:: DATA IN THIS EXERCISE ::

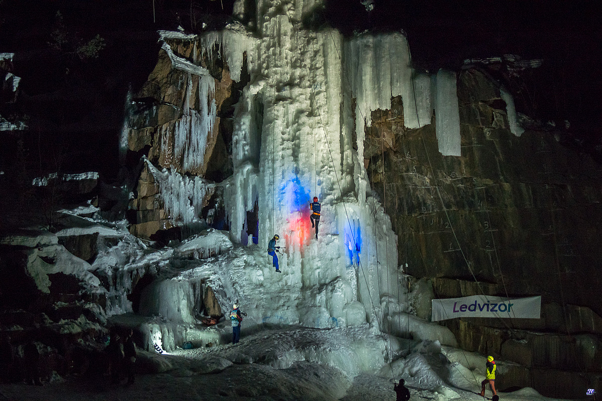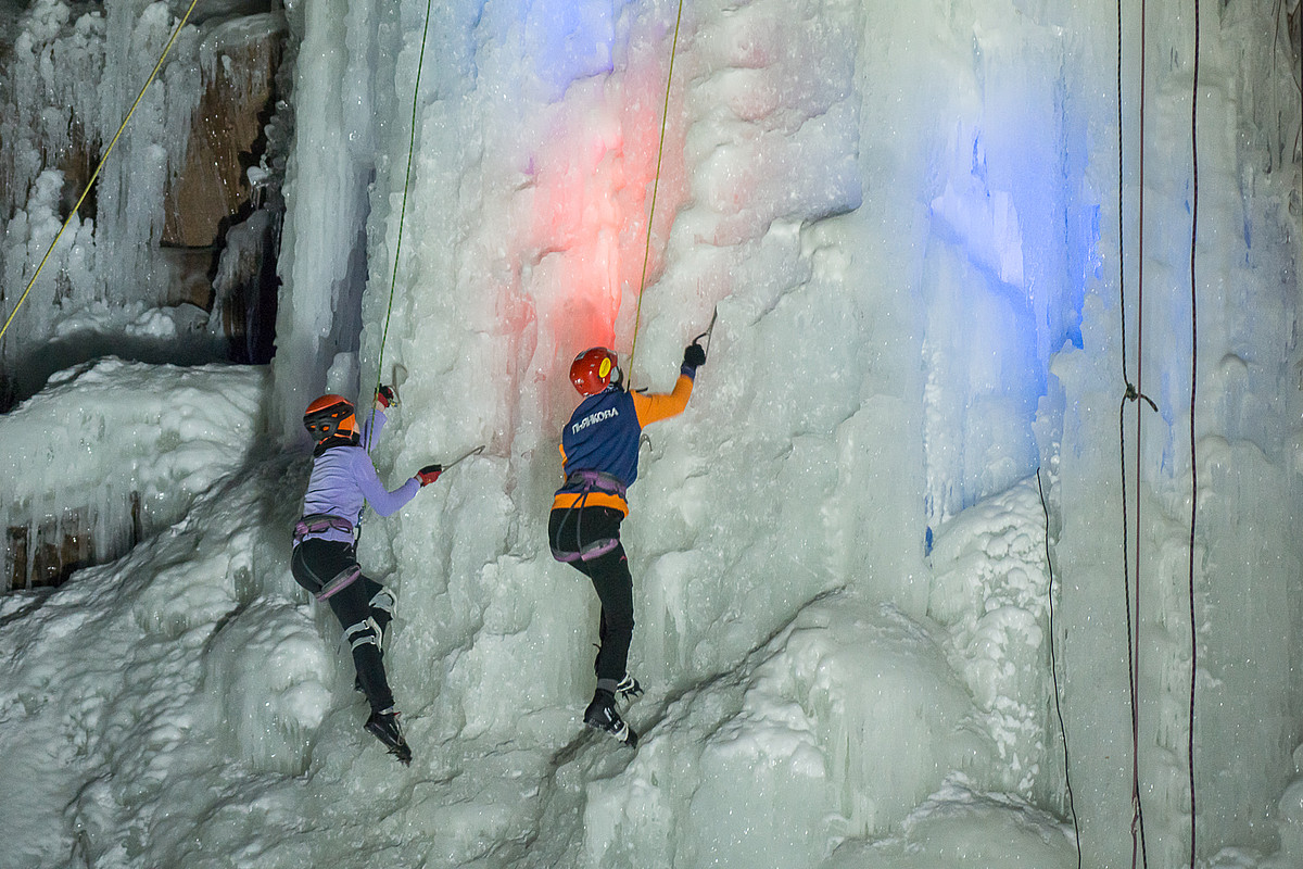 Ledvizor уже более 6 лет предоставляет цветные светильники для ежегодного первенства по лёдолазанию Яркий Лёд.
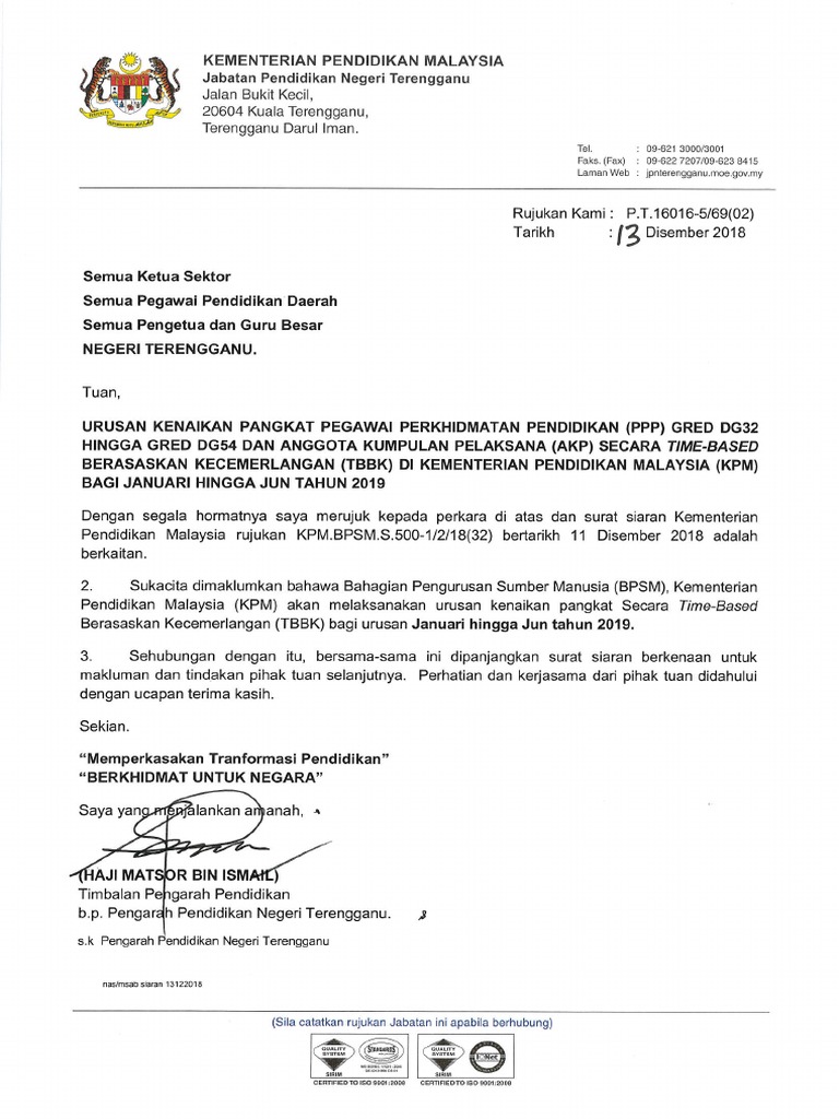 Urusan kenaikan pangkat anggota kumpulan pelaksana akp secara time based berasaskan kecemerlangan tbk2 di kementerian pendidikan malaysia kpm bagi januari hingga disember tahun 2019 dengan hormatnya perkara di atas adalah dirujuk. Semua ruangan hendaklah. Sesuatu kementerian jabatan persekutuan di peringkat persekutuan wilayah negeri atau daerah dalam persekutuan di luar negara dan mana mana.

...

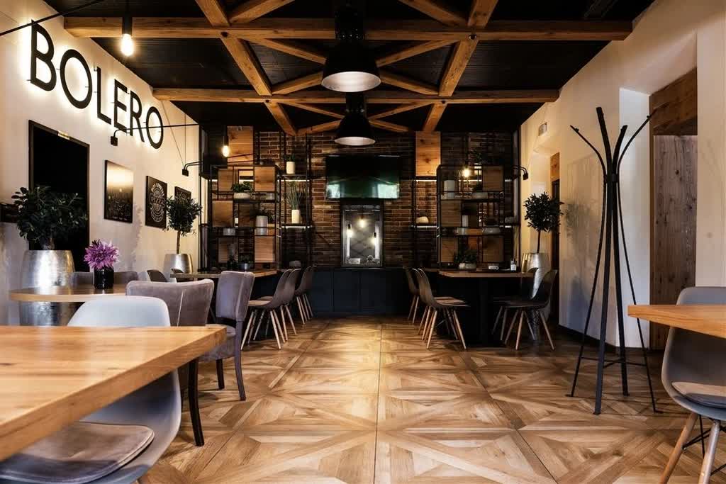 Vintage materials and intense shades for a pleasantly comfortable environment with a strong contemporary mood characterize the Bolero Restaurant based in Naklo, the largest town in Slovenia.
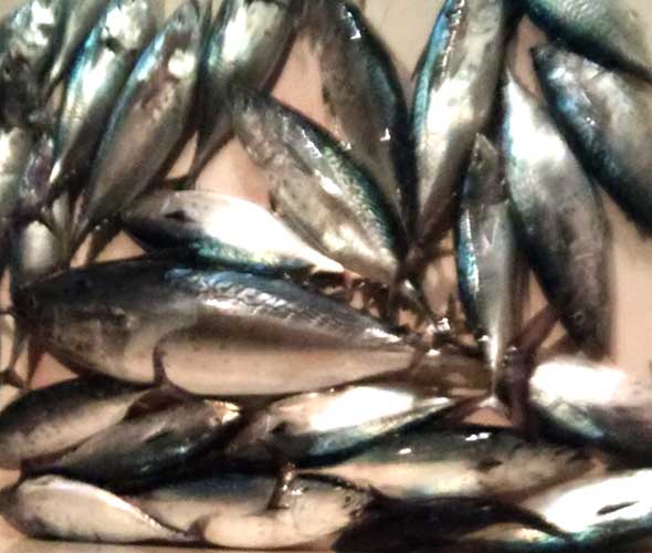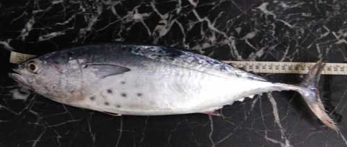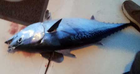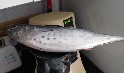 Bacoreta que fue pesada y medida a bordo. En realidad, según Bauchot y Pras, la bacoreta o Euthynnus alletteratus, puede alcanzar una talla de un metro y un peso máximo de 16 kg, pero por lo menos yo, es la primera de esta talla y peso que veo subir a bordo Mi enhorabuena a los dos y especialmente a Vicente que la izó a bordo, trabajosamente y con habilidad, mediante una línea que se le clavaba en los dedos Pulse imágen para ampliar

:: WHAT THIS TASK INVOLVES ::
Range to copy from the listing above: the line with "Vintage materials and" through the line with "Bacoreta que fue". Transcribe it exactly and skip the pictures.

:: ANSWER SECTION ::
 Vintage materials and intense shades for a pleasantly comfortable environment with a strong contemporary mood characterize the Bolero Restaurant based in Naklo, the largest town in Slovenia.
 Bacoreta que fue pesada y medida a bordo. En realidad, según Bauchot y Pras, la bacoreta o Euthynnus alletteratus, puede alcanzar una talla de un metro y un peso máximo de 16 kg, pero por lo menos yo, es la primera de esta talla y peso que veo subir a bordo Mi enhorabuena a los dos y especialmente a Vicente que la izó a bordo, trabajosamente y con habilidad, mediante una línea que se le clavaba en los dedos Pulse imágen para ampliar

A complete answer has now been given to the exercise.